Authors: Don Gutteridge
Tags: #historical fiction, #american history, #pioneer, #canadian history, #frontier life, #lambton county
“
Her name was
Mary. I met her through her sister, who was married to a friend of
mine, a fireman like me on the Great Western. I was no longer young
but rich, as I thought, an’ footloose. I let her charm me, an’ she
did. But she said she knew from her sister’s experience how much
hell was in store for the wife of an engineer. I hadn’t had a
chance to ask, but she’d already said no. Of course, I kept seein’
her, an’ she was always unattached, so I begun to wonder; an’
besides, I was getting a bit tired of stokin’ an’ cattin’ around in
Detroit an’ them places. So I told her if she’d marry me I’d settle
down an’ become a respectable family man. When she doubted me, I
quit the Great Western an’ joined the Grand Trunk, breakin’ all my
old ties. For two years, though, I stayed on the road, but when
Mary became pregnant, I gave in. I hired on as a clerk in the Yard
Office. So that’s what I became at age thirty-five. I hated it as
much as I loved my wife.
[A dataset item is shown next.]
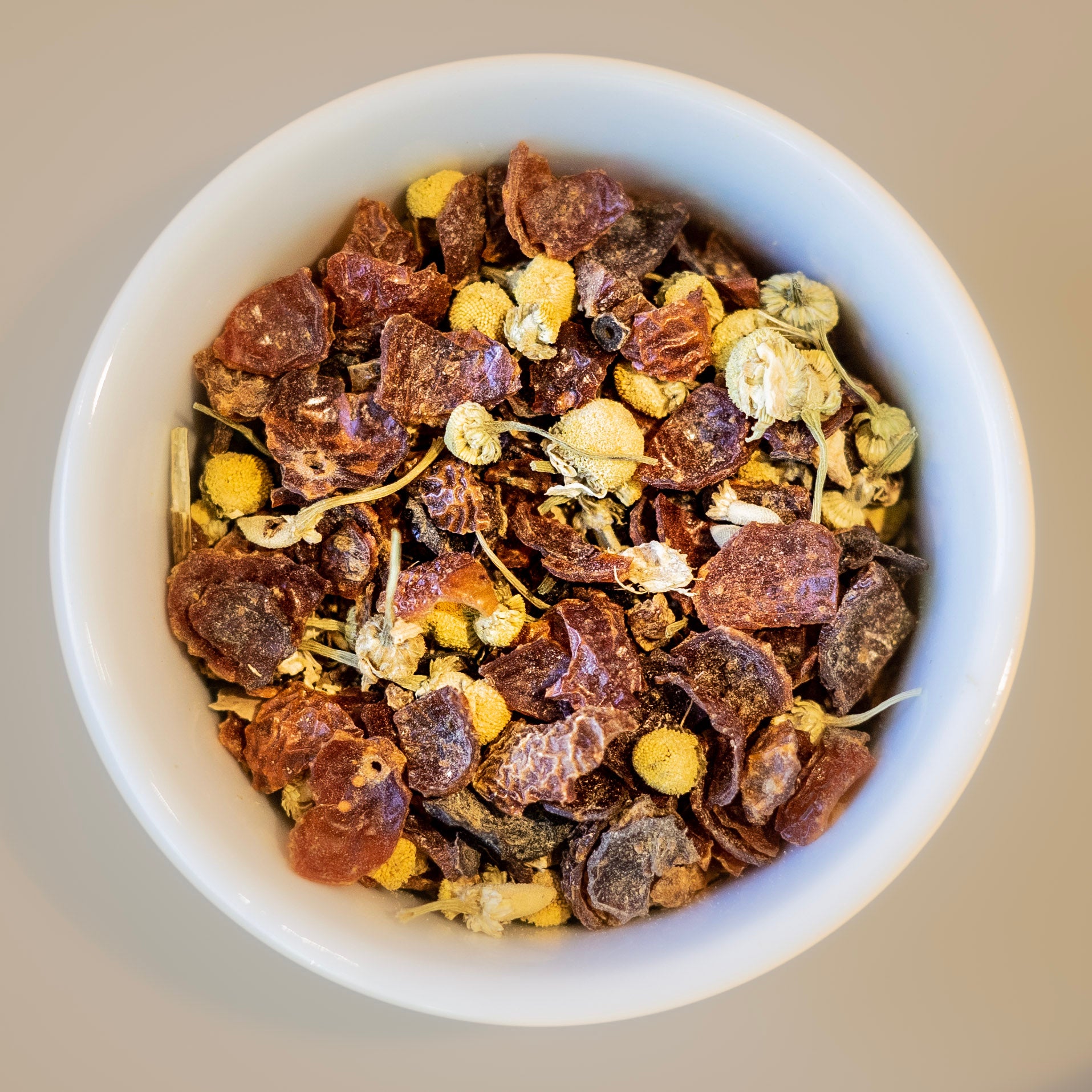 Ingredients: organic ginger, organic ginseng, organic rosehips, organic chamomile, organic orange peel, organic mint

It was like workin’ in a rabbit’s den, you
couldn’t breathe, you sucked in the stink of everybody’s body, you
had no place to run or feel free in when you needed to. But I did
it, for five years I loved an’ hated. We had two beautiful
children, a girl first, then a boy. But my salary wasn’t a third of
what I made stokin’ on the road. We rented a house in the east and
down near the rivermouth by the lake. It was a shanty-town, really,
though we painted the place, an’ put a fence round it an’ planted
ourselves a garden. But it was swampy down there and in the winter
the snow piled up, thawed an’ froze, an’ the dampness went right
through the wood, you couldn’t keep enough paint or pine-tar on it
to stop it from rottin’ under you. In the daytime the bugs devoured
the vegetables in the heat, an’ the mosquitoes come out at night to
torment us. I begged Mary to let me go back on the road. She said
she would get a job as soon as the kids were older – she had a high
school certificate. So I went off one mornin’ an’ hopped on a
freight an’ never went back to that stinkin’ clerk’s den. I took
only short day-runs. I lied every day to my wife an’ kids. I hadn’t
been at this long, though, when my punishment was revealed to me in
all its horror. My little girl complained of a headache after
supper one day. It got worse by bedtime. By the middle of the night
she was screaming in agony an’ bewilderment. When the fever hit the
next day, we knew it was typhoid. We’d seen it in summers past. An’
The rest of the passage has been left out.